# flljob ha pasado los 10000 posts



## Peterdg

¡10000 aportaciones!

Y no sólo 10000 aportaciones, aportaciones como se dice, sino ¡¡APORTACIONES!!

Siempre, anda..., casi siempre, añades algún matiz que desconozco. Por mi situación geográfica, el modelo de español que utilizo se inspira mucho por el español como se utiliza en España. Tú siempre estás para recordarme (y a los demás) que este modelo no es el único; y por esto, te lo agradezco.

¡¡Enhorabuena!! 

¡Y que podamos aprovechar mucho más de tus comentarios!

Un abrazo,

Peter


----------



## Lurrezko

Soy el primero en llegar: antes me pasaba al revés, era el último en irme. Mis felicitaciones, aquí va un Rioja, para remojar el festejo.


----------



## Juan Jacob Vilalta

Por mi situación geográfica, el modelo de español que utilizo se inspira mucho por el español como se utiliza en España.
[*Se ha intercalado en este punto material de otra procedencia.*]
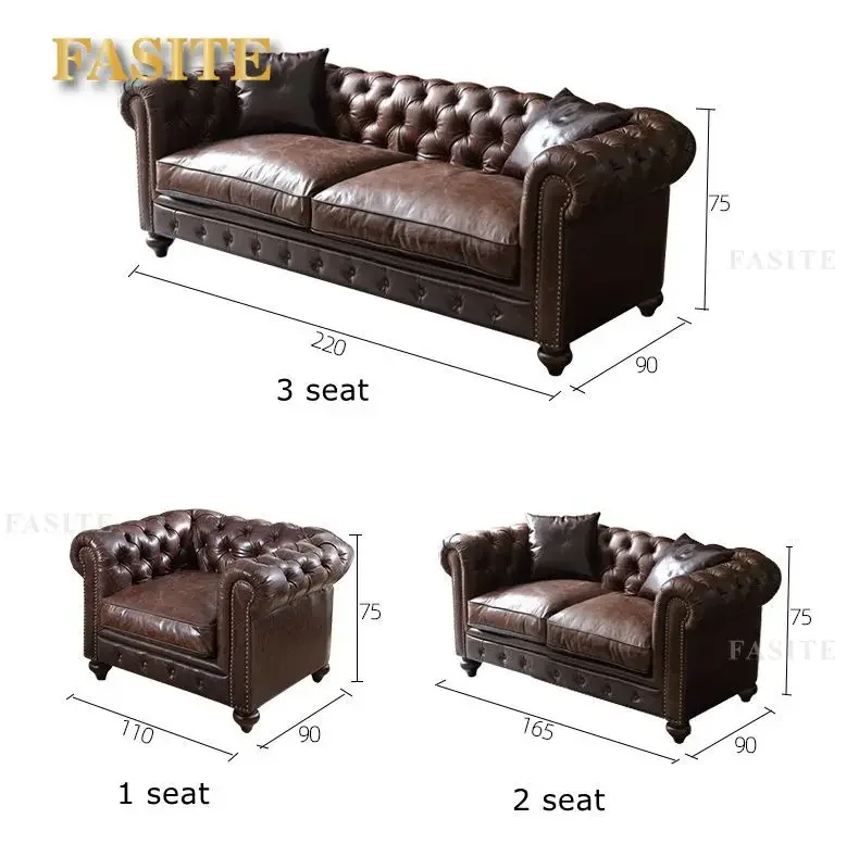 High Quality Leather Sofa Vintage Style Roll Arm Chesterfield Sofa
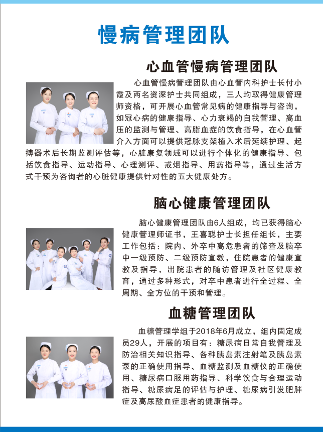 | 静脉治疗:PICC置管、维护 血糖管理:血糖监测及指导 |
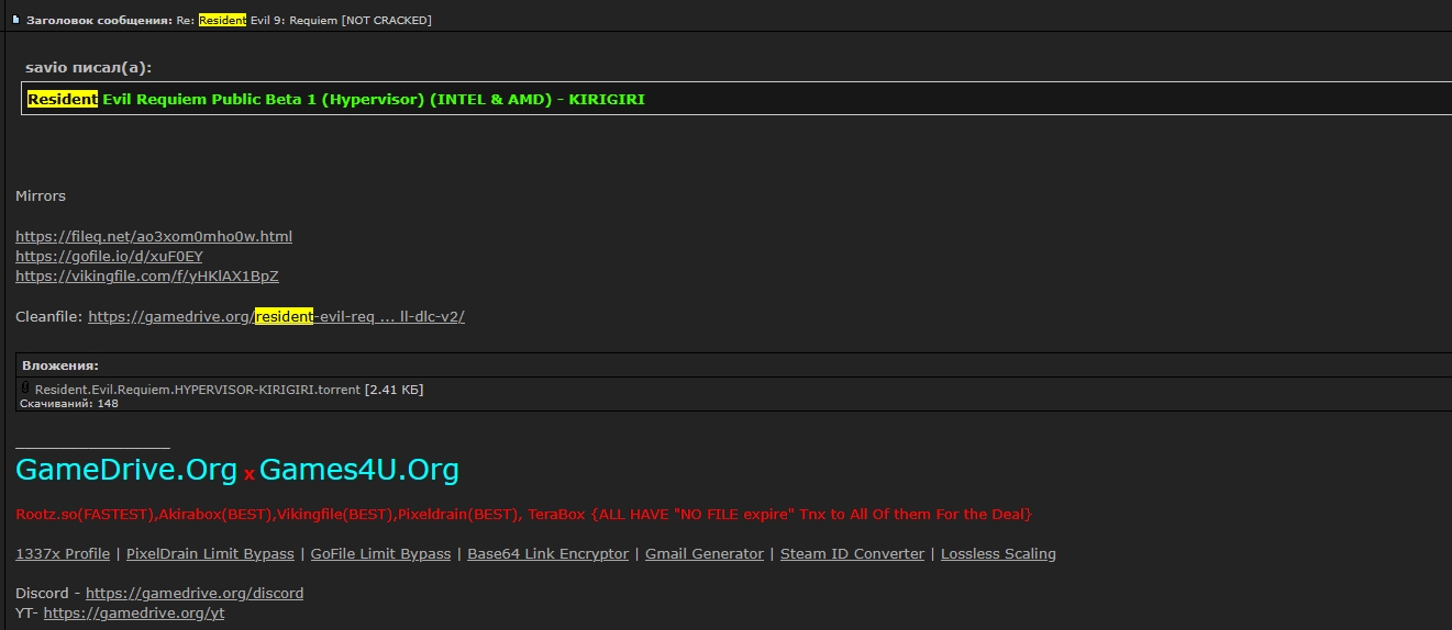 RE Requiem? Это фанатская хуйня или ты про RE4 Remake/RE Village? Обходы в гипере — миф для ньюфагов, реально работает 50/50, и то с танцами шамана. Лучше жди год после релиза нормального крэка от EMP или CODEX, без твоего гипервизорного цирка.
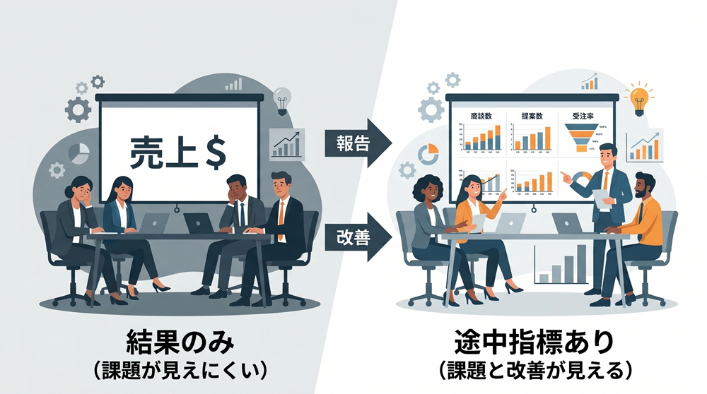 この違いを整理しておくと、営業会議でも結果だけを見るのではなく、その結果へ至る流れをどう確認すべきかが見えやすくなります。
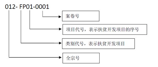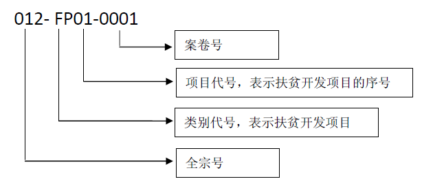 2、扶贫开发项目档案档号结构为:“全宗号-分类号(类别代号.项目代号)-案卷号”。
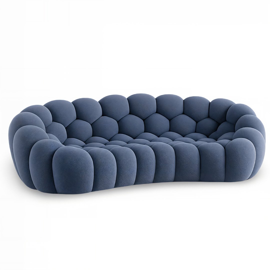 Make a bold artistic statement in your home with our “Bubble Blue ” handcrafted Mango wood sofa. This truly unique 3-seater features an innovative, plush “bubble” or “pebble” design, offering unparalleled comfort and a whimsical yet sophisticated aesthetic. Upholstered in a soft, inviting fabric, its organic shape and modular appearance create a stunning focal point in any contemporary space. Built upon a sturdy, handcrafted Mango wood internal frame, this sofa combines sculptural artistry with durable craftsmanship for a truly exceptional lounging experience.
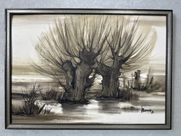 Schilderij van Kunstenaar Charles Dehoy 1872-1940 uit Brussel Sint Gilles- - het werk stelt een dorp in HAREVILLE in Frankrijk
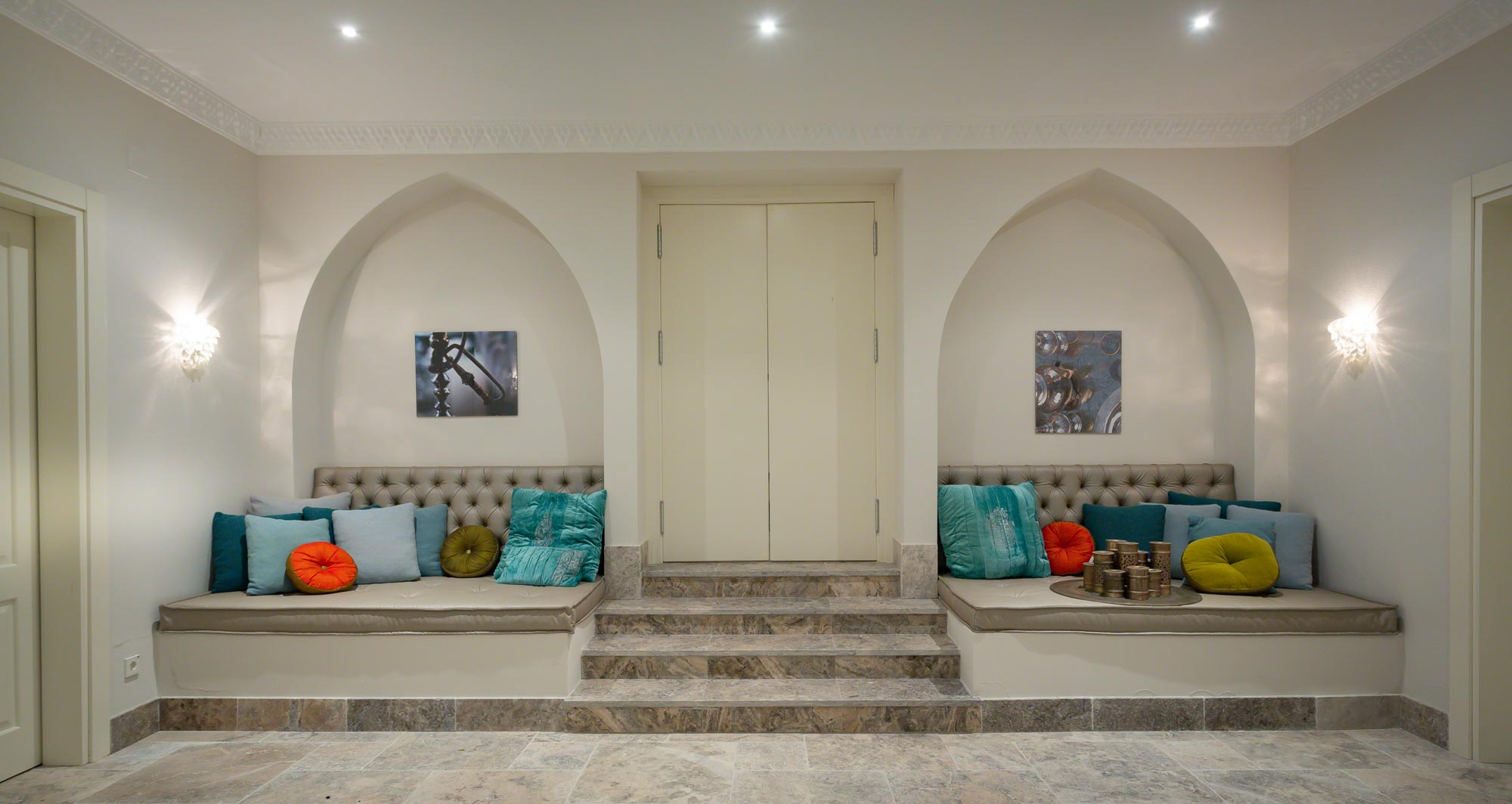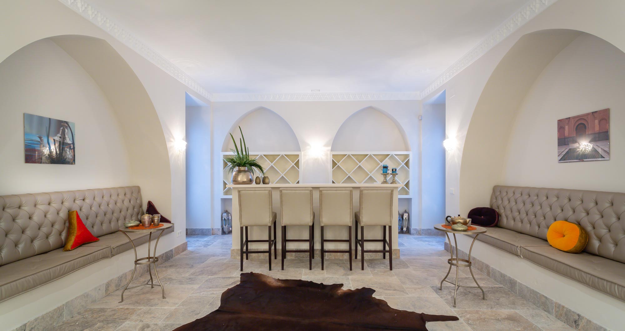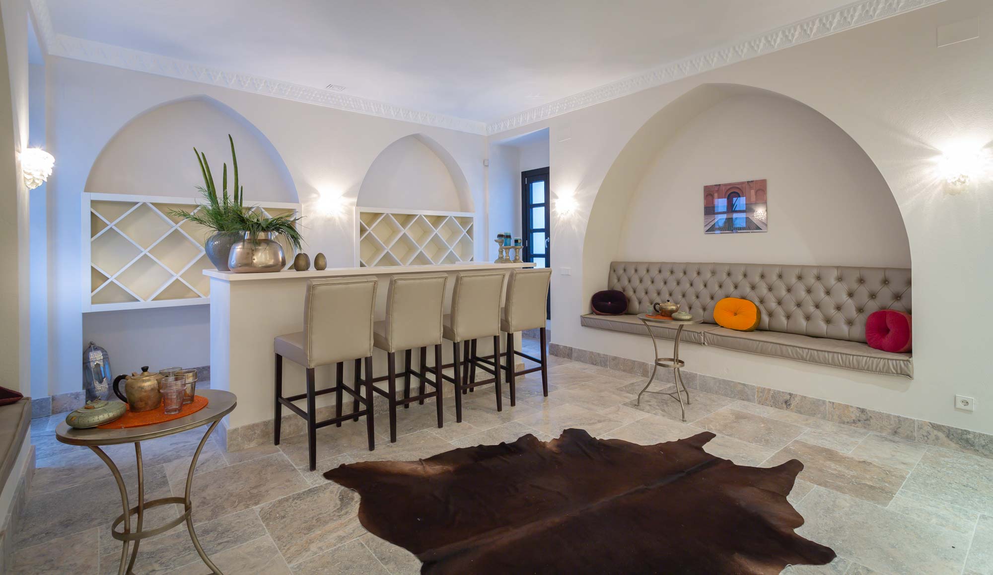 Inside, the lower ground floor of the villa offers a complete leisure zone; host a gathering in the smartly styled indoor bar-lounge with Moroccan-style seating and décor that echoes a modern Marrakesh style lounge. The indoor cocktail bar (includes sink and refrigerator) is well suited to any celebration or special occasion, even in off-season weather and for events up to 50 guests.
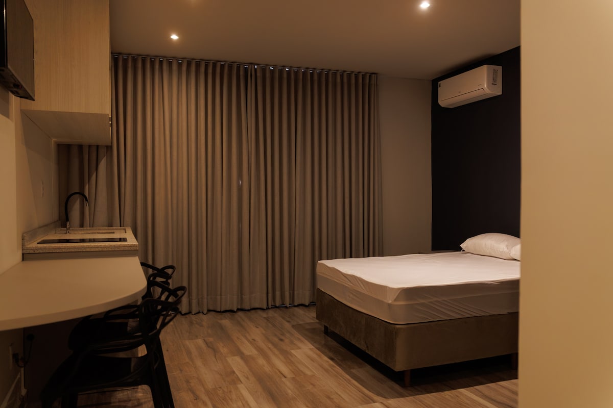 Loft moderne dans le centre-ville de Guarapuava, avec lit queen size, cuisine complète, Wi-Fi, télévision connectée et climatisation chaude et froide. Proche des restaurants, des supermarchés, de la salle de sport et des pharmacies, parfait pour des séjours pratiques et confortables.
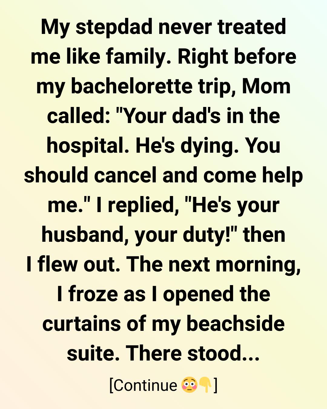 My stepdad never treated me like family. Right before my bachelorette trip, Mom called: “Your father’s in the hospital. He’s dying. You should cancel and come help me.”
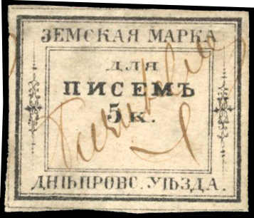 DNEPROVSK, 5 Kop. schwarz auf weißem Papier (Lithografie), geschnitten, gebr. Einzelwert, entwertet mit Federzug, farbfrisch und breitrandig, handschriftl. sign., einwandfrei (nach Soloviev 20.000,-) (Image)
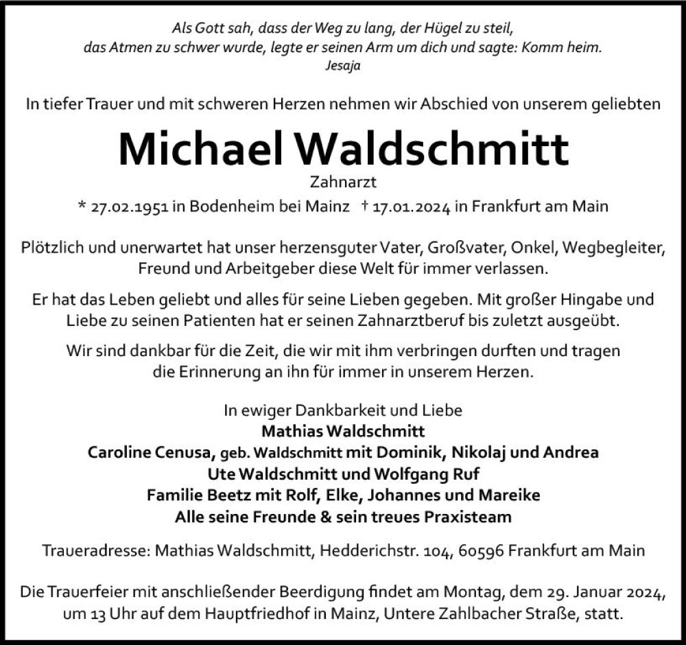 Hier finden Sie alle Traueranzeigen aus der Zeitung, die bisher für Michael Waldschmitt erschienen sind. Weitere Traueranzeigen, die in der Zeitung erscheinen, werden hier ebenfalls aufgelistet

Tú siempre estás para recordarme (y a los demás) que este modelo no es el único; y por esto, te lo agradezco. 



Sí, flljob (y otros) nos recuerda a menudo que Méjxico es el país con mayor número de hispanoparlantes, que no es poco decir, y difícil de hacer entender a las _minorías_. 

Yo le mando una botella de Herradura Blanco, mi tequila preferido.

Salucita de la güena, como decimos los _mayoritarios_.


----------



## Dentellière

Juan Jacob Vilalta said:


> Yo le mando una botella de Herradura Blanco, mi tequila preferido.
> 
> Salucita de la güena, como decimos los _mayoritarios_.


 

Y yo los acompaño con Malbec de Mendoza

y mis felicitaciones a Flljob


----------



## flljob

Muchísimas gracias, estimados, siempre es un placer rebatir sus refutaciones a mis propuestas, que es cuando más aprendo.
Nuevamente gracias y ¡salud!


----------



## aldonzalorenzo

Aquí la minoría también se quiere unir al festejo: muchas gracias por todo, flljob.
(Sábado, por la mañana: estoy un poco sosa)


----------



## JeSuisSnob

Me uno al grupo y también festejo tus diez mil, mi estimado Doctor: _

Siempre_ es un placer leerte porque _siempre_ estás leyendo libros de gramática y tus aportes suelen tener un toque especial.

Un abrazo fuerte. Sigue así. 

Un saludo a todos.


----------



## Namarne

Muchas felicidades, flljob, por la cantidad y por la calidad. 
Un saludo muy cordial.


----------



## blasita

Me uno a la celebración.  Un placer seguirte por los foros y aprender de ti.

Un saludo.


----------



## Pinairun

Eres duro de roer, pero complaciente y generoso en los comentarios. Es un gusto compartir este espacio contigo.

Muchas felicidades y un saludo muy cordial, _flljob_.


----------



## kreiner

A punto de llegar casi tarde, me uno a la enhorabuena. Un cordial saludo.


----------



## swift

Señor:

Creo que ya no coindicimos tanto como antes en el Sólo Español pero siempre me da mucho gusto leer tus aportes. Aprendo mucho y me retas, y eso es lo que más disfruto de los foros.

Un gran abrazo y muchas gracias por todo lo que nos ofreces y por los intercambios que hemos tenido vía mensajes privados.


José


----------



## capitas

Better late than never. 
Congratulations, and I really hope and expect that you'll accomplihs some other 10.000 at least!


----------



## flljob

Muchas gracias a todos. Creí que este hilo había terminado en el sexto mensaje. Es más lo que he aprendido de ustedes que lo que he aportado al foro.
Gracias y saludos


----------



## Milton Sand

Don flljob:
¡Felicitaciones, hombre! Gracias por seguir aquí tan colaborador.
Un abrazo.


----------



## Adolfo Afogutu

Más vale tarde que nunca: ¡Felicitaciones, flljob! Esos 10000 son como las bodas de oro, y ya vas rumbo a duplicarlos.


----------



## XiaoRoel

Con mucho retraso, me uno al festejo. Felicidades.


----------



## flljob

Muchas gracias a todos, creí que este hilo ya estaba más que muerto.
Un abrazo


----------